In diesem Sinne warte ich fieberhaft auf ein gewohnt umfangreiches Review des neuen Z von notebookcheck.com.

SimUser

  • Gast
Wie so oft, so auch hier scheint es einen erheblichen Personenkreis zu geben, welcher sich die Sinnhaftigkeit eines derartigen Gerätes nicht vorstellen kann, daher möchte ich zunächst einmal das Userprofil ein wenig konkretisieren:
Typischerweise gibt es Industrien, die ihre Produkte nur vor Ort komissionieren und testen können (z.B. Softwareapplikationen auf Simulationsebene bzw. Echtzeitandwendungen im Öl&Gasbereich (Pipelines/Bohrinseln), im Schiffbau oder auch im Flugzeugbau. Ferner müssen derartige Produkte häufig unter stark beengten Platzverhältnissen getestet werden(neben den oben angeführten Industrien kommen hier noch Marine, Bergbau, etc in Frage)). Alle diese Anwender haben einen erheblichen Leistungsbedard auf der einen, jedoch nur sehr limitierte Platz und Gewichtsvorgaben auf der anderen. Super-3D-Leistungen sind dabei jedoch nicht gefragt, wohl aber mehr als Intel HD 3000. Ein weiterer Punkt ist die erhebliche Reisetätigkeit dieses Personenkreises (und die Zeiten in denen derartige Trips standardmäßig als Businesstrips gebucht werden sind längst passè). Nun kann sich jeder gerne mal Vorstellen, wie sich Z.B. ein 17"-XPS (keine Kritik an Dell, soll nur ein Beispiel sein) auf einem 14-Stunden-Trip von Dubai nach Toronto auf einem Economy-Platz bedienen lassen soll (von der erforderlichen Akkulaufzeit reden wir mal gleich gar nicht). Gerade dieser Personenkreis macht einen erheblichen Anteil der Reisenden weltweit aus und genau dafür ist ein System wie das Vaio Z gedacht.
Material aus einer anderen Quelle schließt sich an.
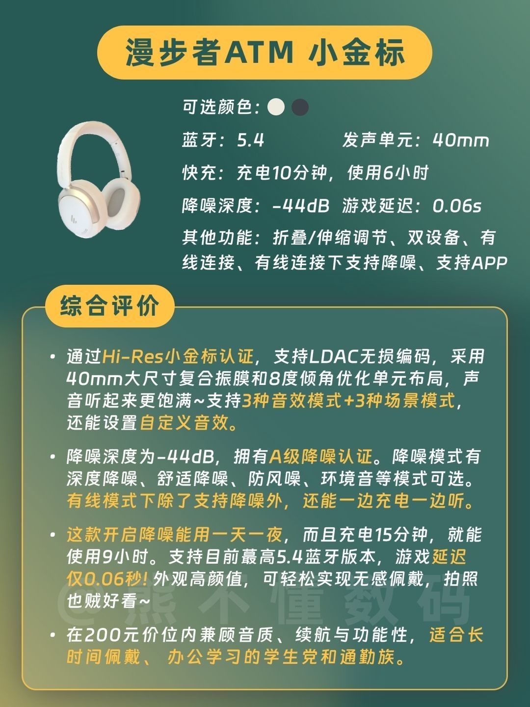 学生党低预算买头戴式耳机怎么选❓ 👉一提到头戴式耳机,大家担心的无非这几点:音质、快充、降噪、佩戴舒适度和游戏延迟,以及预算。 📝根据以上,这次我整理了4款高性价比的百元级头戴式耳机,特别适合学生党和打工人~ 1⃣漫步者ATM小金标 通过Hi-Res小金标认证,40mm大尺寸复合振膜和8度倾角优化单元布局,声音听起来更饱满~支持3种音效模式+3种场景模式,还能设置自定义音效。 降噪深度为-44d...
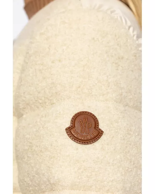 beige wool blend down-feather filling quilted padded panels crew neck contrasting border long sleeves logo patch at the sleeve two side welt pockets straight hem front two-way zip fastening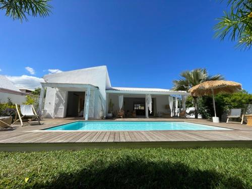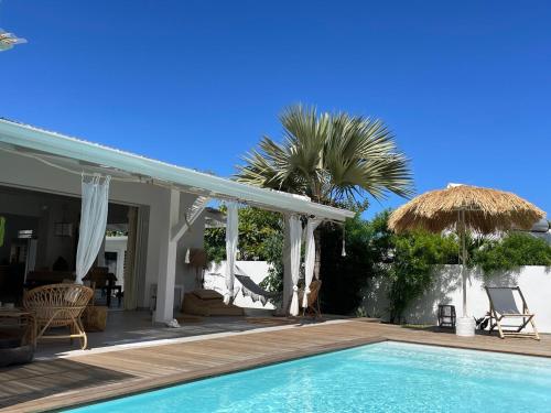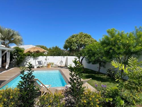 Villa de charme près des plages坐落于圣吉尔莱班,提供户外游泳池和共用休息室,距离布里桑特海滩(Plage des Brisants)有4分钟步行路程,距离The House of Coco有17公里,距离马斯卡林植物园有21公里。这家自助式度假屋拥有私人泳池、花园、烧烤设施、免费WiFi和免费私人停车位。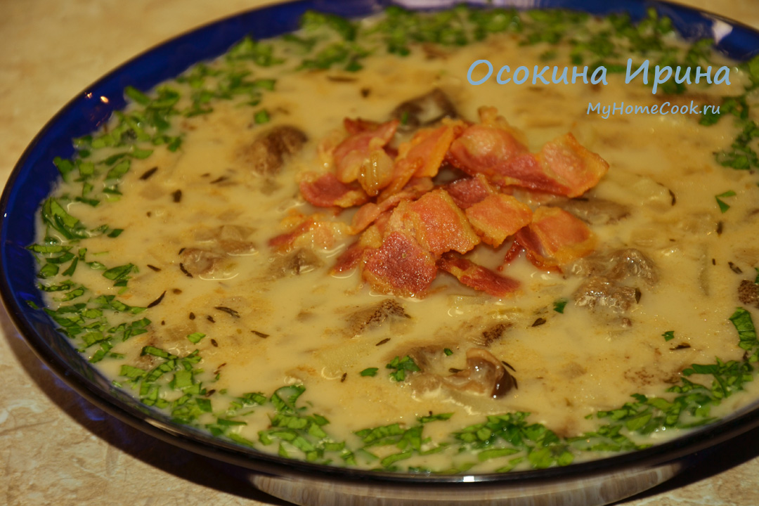 Прибиралась в морозилке, обнаружила в углу пакетик замороженных маслят и решила на их основе сварить супчик. В кастрюле на топлёном сливочном масле обжарила 1 рубленную луковицу и 1 стебель сельдерея кубиком с добавлением 1/2 ч.л. сушеного тимьяна, влила 50 мл сухого белого вина, выпарила его, добавила 2/3 стакана размороженных резаных маслят, прогрела, влила кипяток, как снова закипело, добавила 1 крупную резаную картофелину, варила до её мягкости, посолила, поперчила, добавила 1 ст.л. плавленого сыра из ванночки, промешала до его растворения, накрыла кастрюлю крышкой, сняла с огня, немного настояла и подала с резаной петрушкой. Очень вкусный и ароматный получился супчик! В тарелку супруга добавила ещё и выжаренный до хруста резаный бекон - ну не может мой мясоед без этого)
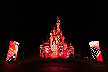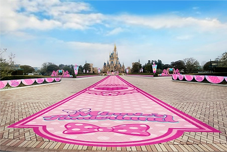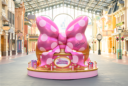 パークはミニーの大好きなものであふれ、いつものパークから様変わりしたポップでキュートな世界が広がります。ワールドバザールには大きなリボンのモニュメント、シンデレラ城正面のプラザの床面には水玉デザインのカーペットなどをお楽しみいただけます。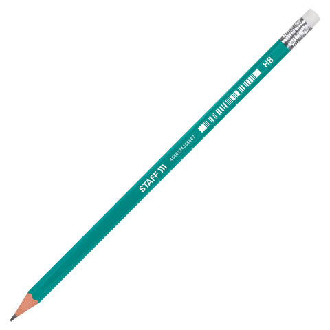 Карандаш чернографитный STAFF "EVERYDAY" BLP-963, 1 шт., НВ, с ластиком, пластиковый, зеленый корпус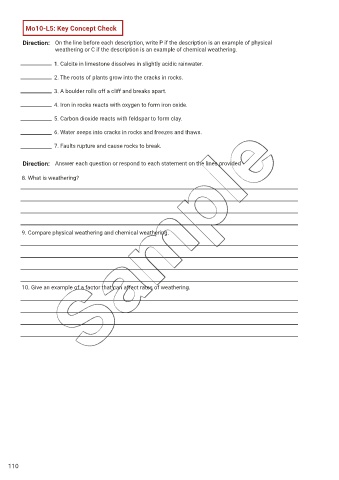 1. Calcite in limestone dissolves in slightly acidic rainwater.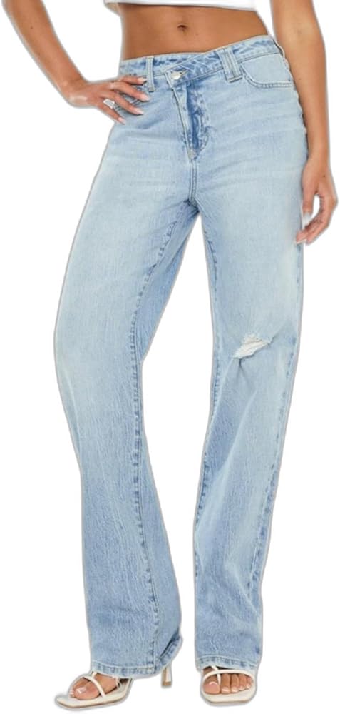 The distressed high-rise straight-leg jeans are modern. Wear it with a simple top or a stylish coat for a trendy and comfortable look. Whether you're paired with sneakers or heels, you'll be confident and individual. Perfect for every occasion, you'll always be in style.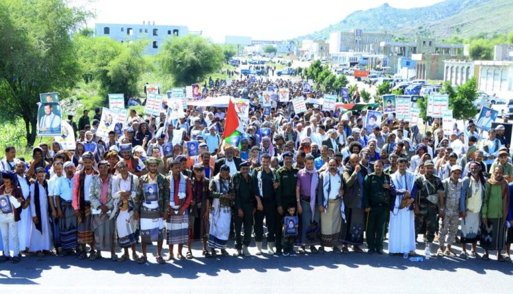 خروج جماهيري كبير في 13 ساحة بتعز إحياء للذكرى الأولى لانطلاق عملية طوفان الأقصى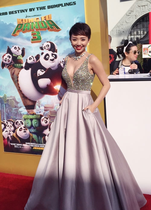 Khi tham dự sự kiện tại nước ngoài, giọng ca Ngày mai cũng biến mình thành tâm điểm nhờ trang phục theo xu hướng này, gần đây nhất là ở lễ ra mắt phim Kungfu Panda 3 tại Mỹ, ngày 17/1. |

Mir persönlich geht es auch gegen den Strich, dass anscheinend kein anderer Anbieter in der Lage ist etwas vergleichbares anzubieten, ich denke aber das ist nur eine Frage der Zeit.
Vor diesem Hintergrund werde ich mir das Gerät zulegen, weil es genau die Bedürfnisstruktur trifft. Halbgar ist das Ganze nämlich durchaus nicht, es kommt vielmehr auf die Situation an und meine Specs trifft es mit einem modularen Blueray-Brenner (Backup wochenlanger Datalogs) / modularer Grafik (Multi-Screen-Visualisierung) auf den Punkt (habe nämlich nicht die geringste Lust auf 50.000 km - Trips (Zeitraunm ~6 Wochen) zwischen Äquator und Polarkreis auch noch 2 Notebooks mitzuschleppen.